_TASK DIRECTIONS_
Could you retype the whole listing word for word and drop the images?

──────── PROVIDED MATERIAL

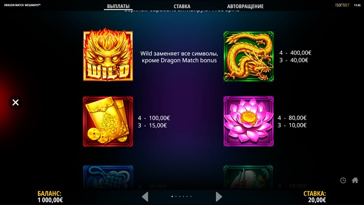 Таблица выплат Dragon Match Megaways
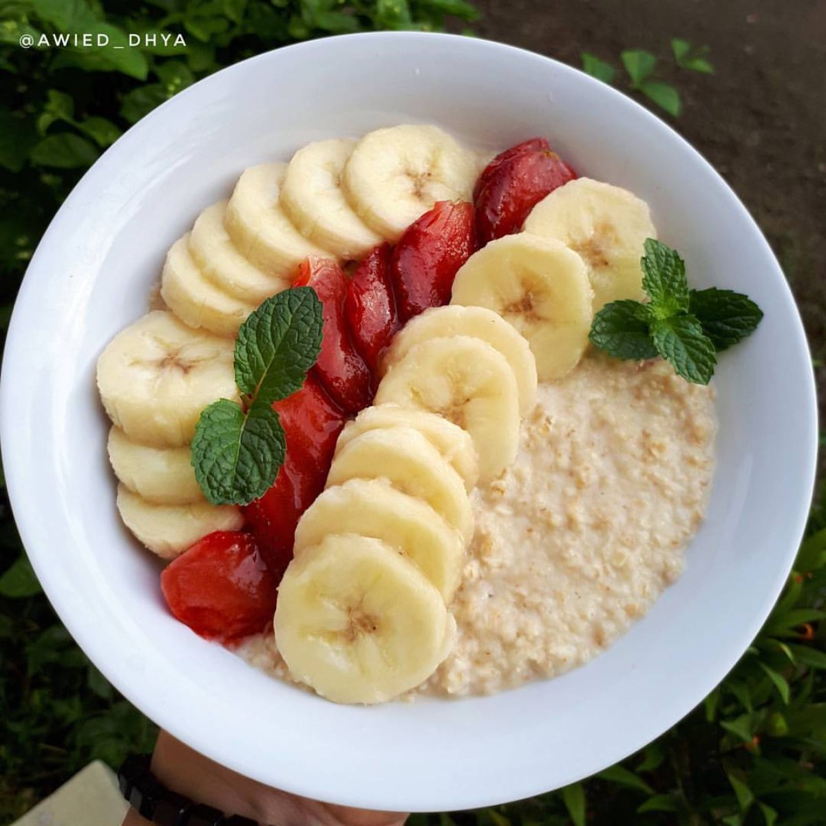 - Mencampur: Setelah oatmeal matang, angkat dari kompor dan sajikan dalam mangkuk. Tambahkan irisan pisang dan stroberi di atasnya.
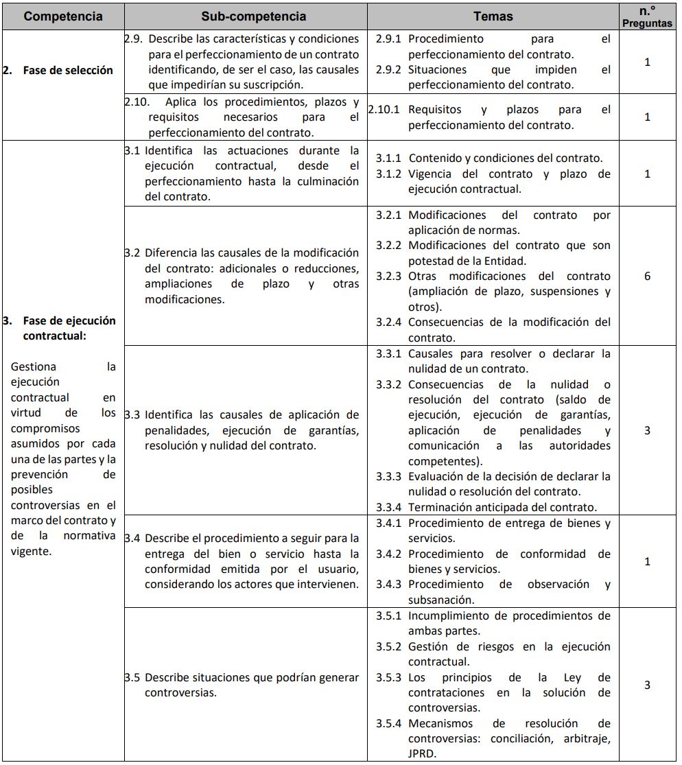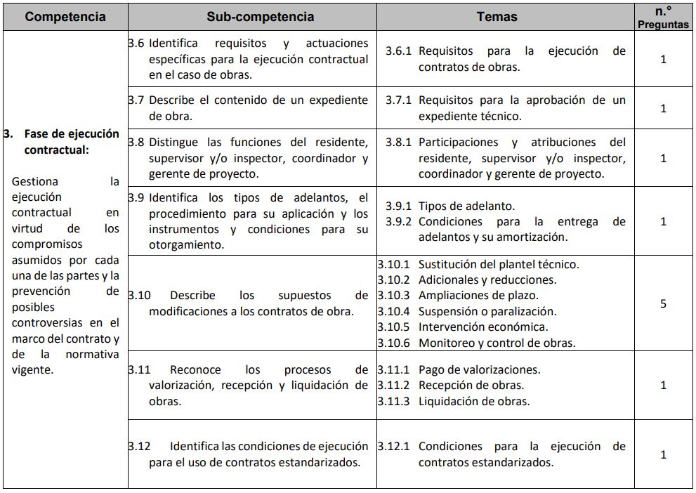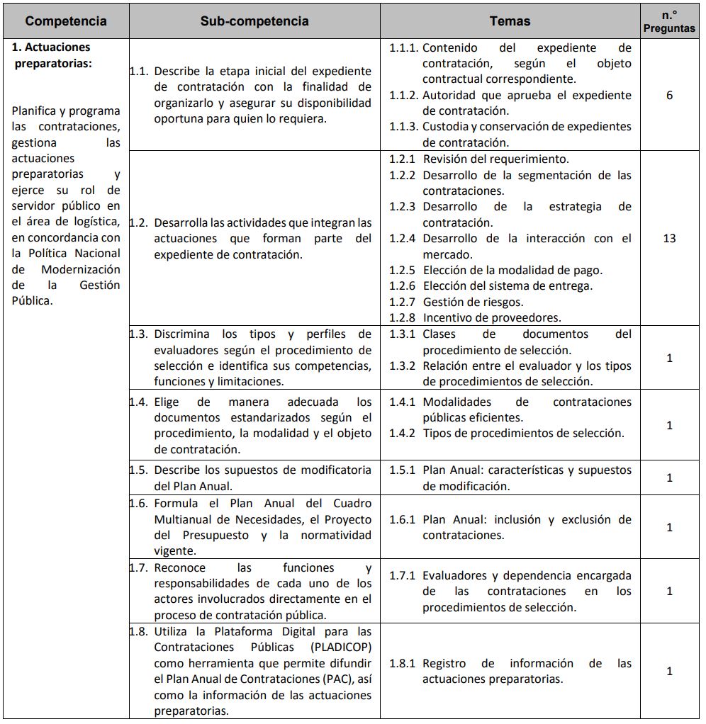 El Organismo Especializado para las Contrataciones Públicas Eficientes ha publicado el temario de evaluación del examen de la certificación de los profesionales y técnicos que laboren en los órganos encargados de las contrataciones de las entidades públicas.
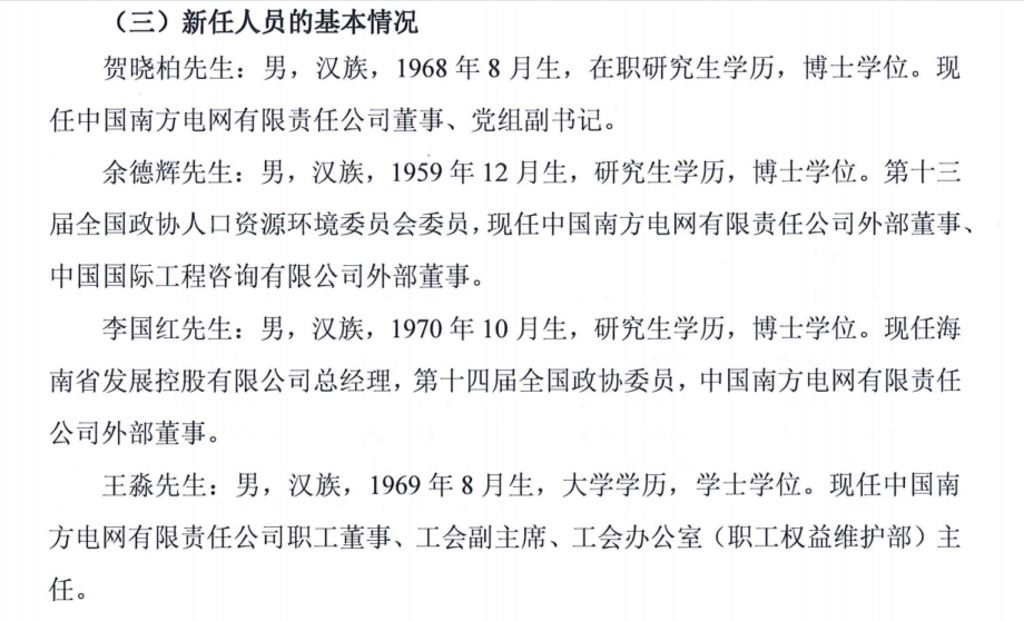 4月24日,中国南方电网有限责任公司(以下简称“南方电网”)发布公告,宣布公司董事会成员发生变动。根据公告信息,南方电网原董事刘启宏、外部董事曹培玺、周军平及职工董事梁传国卸任相关职务。经规范程序选聘,贺晓柏、余德辉、李国红、王淼新任公司董事。其中,贺晓柏任南方电网董事、党组副书记;余德辉、李国红任外部董事;王淼任职工董事。产经新闻热线电话:031-85196807

────────────────

_SOLUTION TO THE EXERCISE_
 Таблица выплат Dragon Match Megaways
 - Mencampur: Setelah oatmeal matang, angkat dari kompor dan sajikan dalam mangkuk. Tambahkan irisan pisang dan stroberi di atasnya.
 El Organismo Especializado para las Contrataciones Públicas Eficientes ha publicado el temario de evaluación del examen de la certificación de los profesionales y técnicos que laboren en los órganos encargados de las contrataciones de las entidades públicas.
 4月24日,中国南方电网有限责任公司(以下简称“南方电网”)发布公告,宣布公司董事会成员发生变动。根据公告信息,南方电网原董事刘启宏、外部董事曹培玺、周军平及职工董事梁传国卸任相关职务。经规范程序选聘,贺晓柏、余德辉、李国红、王淼新任公司董事。其中,贺晓柏任南方电网董事、党组副书记;余德辉、李国红任外部董事;王淼任职工董事。产经新闻热线电话:031-85196807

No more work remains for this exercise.